In 2014, the major challenge to the success of global polio eradication is an ongoing inability to access and vaccinate children in areas because of physical threats to the security of vaccinations teams. The increase in cases in 2013 and 2014 in Pakistan is the result of a ban on polio vaccination in North and South Waziristan, FATA; local community leaders have prevented vaccination of more than 350,000 children since June 2012. Ongoing military operations in Khyber Agency also limit access. Targeted attacks against polio workers and police officers assigned to protect them have compromised the implementation of SIAs in parts of FATA, KP province, and Karachi. Directed violence against vaccinators in Kano, Yobe, and Borno in early 2013 curtailed SIA implementation. Antigovernment elements continue to cause insecurity in Borno state and elsewhere in northern Nigeria. However, in Borno 100% were of children were inaccessible in March 2012 declining to 16% in March 2014 [41]). The active conflict in Syria led to the immunity gaps that allowed the outbreak to occur and impeded early comprehensive outbreak response. WPV continues to be reimported from FATA into the Eastern Region of Afghanistan where access and security problems continue to affect the implementation of quality SIAs.
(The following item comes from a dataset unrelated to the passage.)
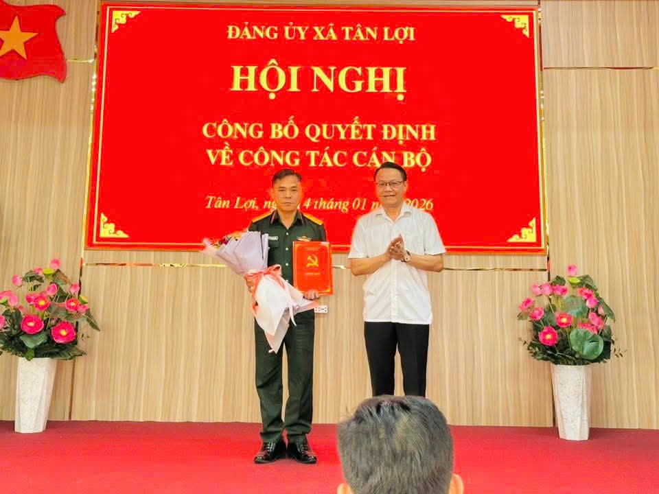Chiều nay (14/01), Chiều nay, Ban Thường vụ Đảng ủy xã Tân Lợi tổ chức hội nghị công bố Quyết định của Ban Thường vụ Tỉnh ủy về việc chỉ định, bổ sung đồng chí Nguyễn Thanh Lâm – Chỉ huy trưởng Ban Chỉ huy Quân sự xã Tân Lợi tham gia Ban Chấp hành Đảng bộ xã, Ban Thường vụ Đảng ủy xã Tân Lợi, nhiệm kỳ 2025–2030.
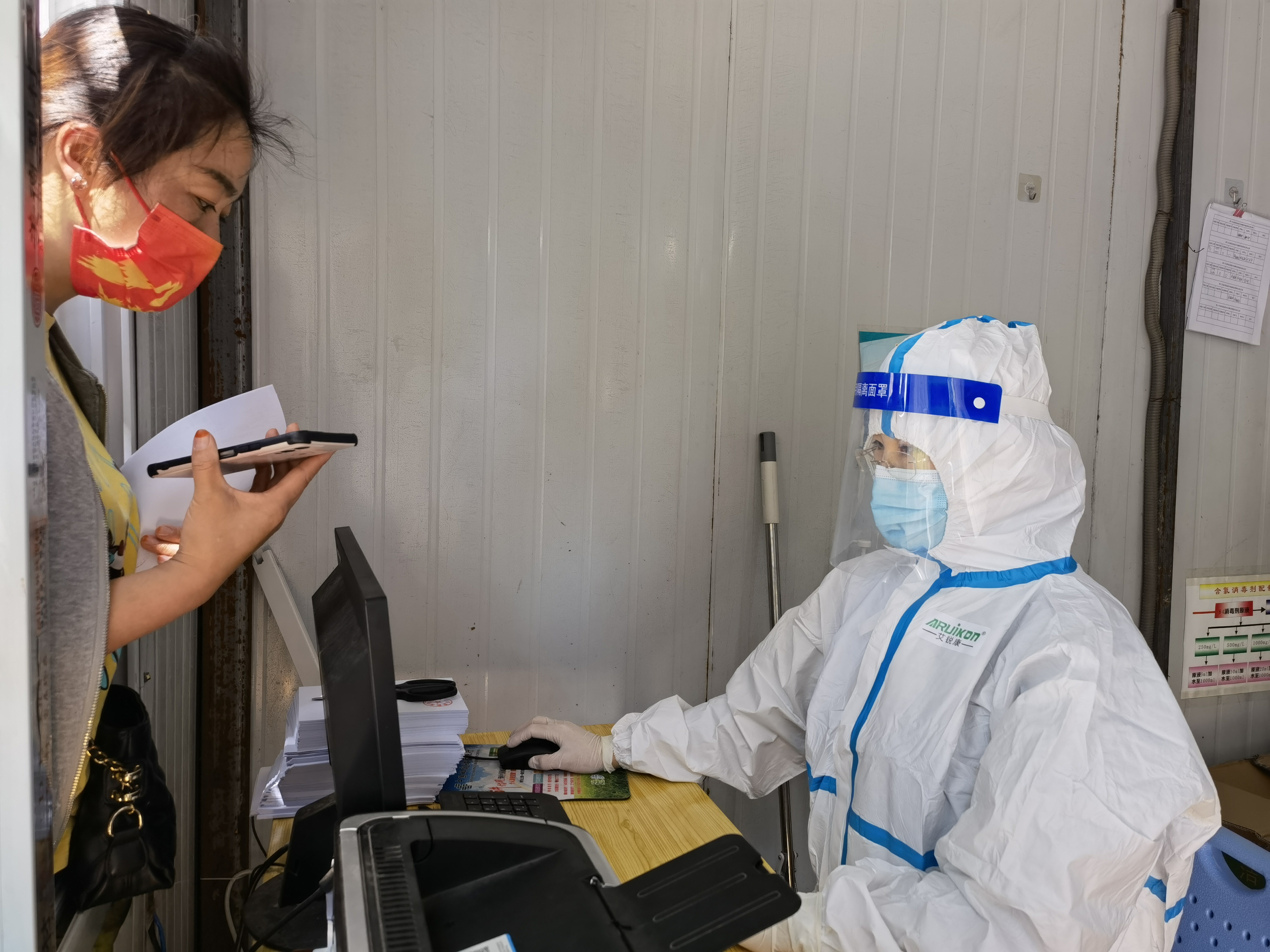 5月4日,記者在周口東新醫(yī)院核酸檢測點見到了全副“武裝”的王琳,她坐在核酸檢測點的核酸檢測報告打印崗位上,身穿防護服,認真細致為需要幫助的群眾打印報告。“大到車輛安排,小到口罩發(fā)放、體溫計調配等防護物資保障都要協(xié)調統(tǒng)籌,一刻也不能停歇,我就想著別有什么地方落下了。安排好一切后,我回到醫(yī)院,同事們都前往全員核酸檢測一線了,這里人手不太足,我頂上。做好后勤保障工作,解決一線醫(yī)護人員的后顧之憂是我的責任和義務?!蓖趿照f。

During 2010–2012, the conflict in Afghanistan prevented vaccinators from safely accessing children in many areas of the Southern Region of Afghanistan. Systematic negotiations improved access to children during 2012–2013, which, together with successful efforts to improve the quality of SIAs, virtually interrupted indigenous WPV1 transmission. Despite this, antigovernment elements have again prevented vaccination of all children in Helmand province thus far in 2014. Limitations of access for SIAs into parts of south-central Somalia remain. The ongoing WPV1 circulation in Cameroon (that affected Equatorial Guinea in early 2014) poses a serious risk for renewed spread into populations affected by insecurity, civil unrest and displacement in the CAR.
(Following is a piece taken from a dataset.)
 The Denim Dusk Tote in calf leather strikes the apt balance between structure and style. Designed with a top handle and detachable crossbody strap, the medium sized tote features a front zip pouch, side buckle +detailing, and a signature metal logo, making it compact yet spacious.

Complacency is the other major threat to GPEI’s success: gaps in program performance remain in some secure areas of Nigeria and Pakistan; serious potential consequences can result from decreased program performance during elections; and limited political commitment can result in low effectiveness of outbreak response performance. These risks are compounded by gaps in surveillance in polio-free areas and the continued threat of new international spread of WPV.

Managing these risks requires full national ownership of the eradication program in all affected countries, including full engagement of all relevant line ministries to local authorities. Urgently needed improvements in accessing and vaccinating children in insecure and conflict-affected areas will require enhancing the engagement of international bodies, religious leaders, and humanitarian actors to implement area-specific plans, generate greater community demand and participation, and adapt activities to local contexts.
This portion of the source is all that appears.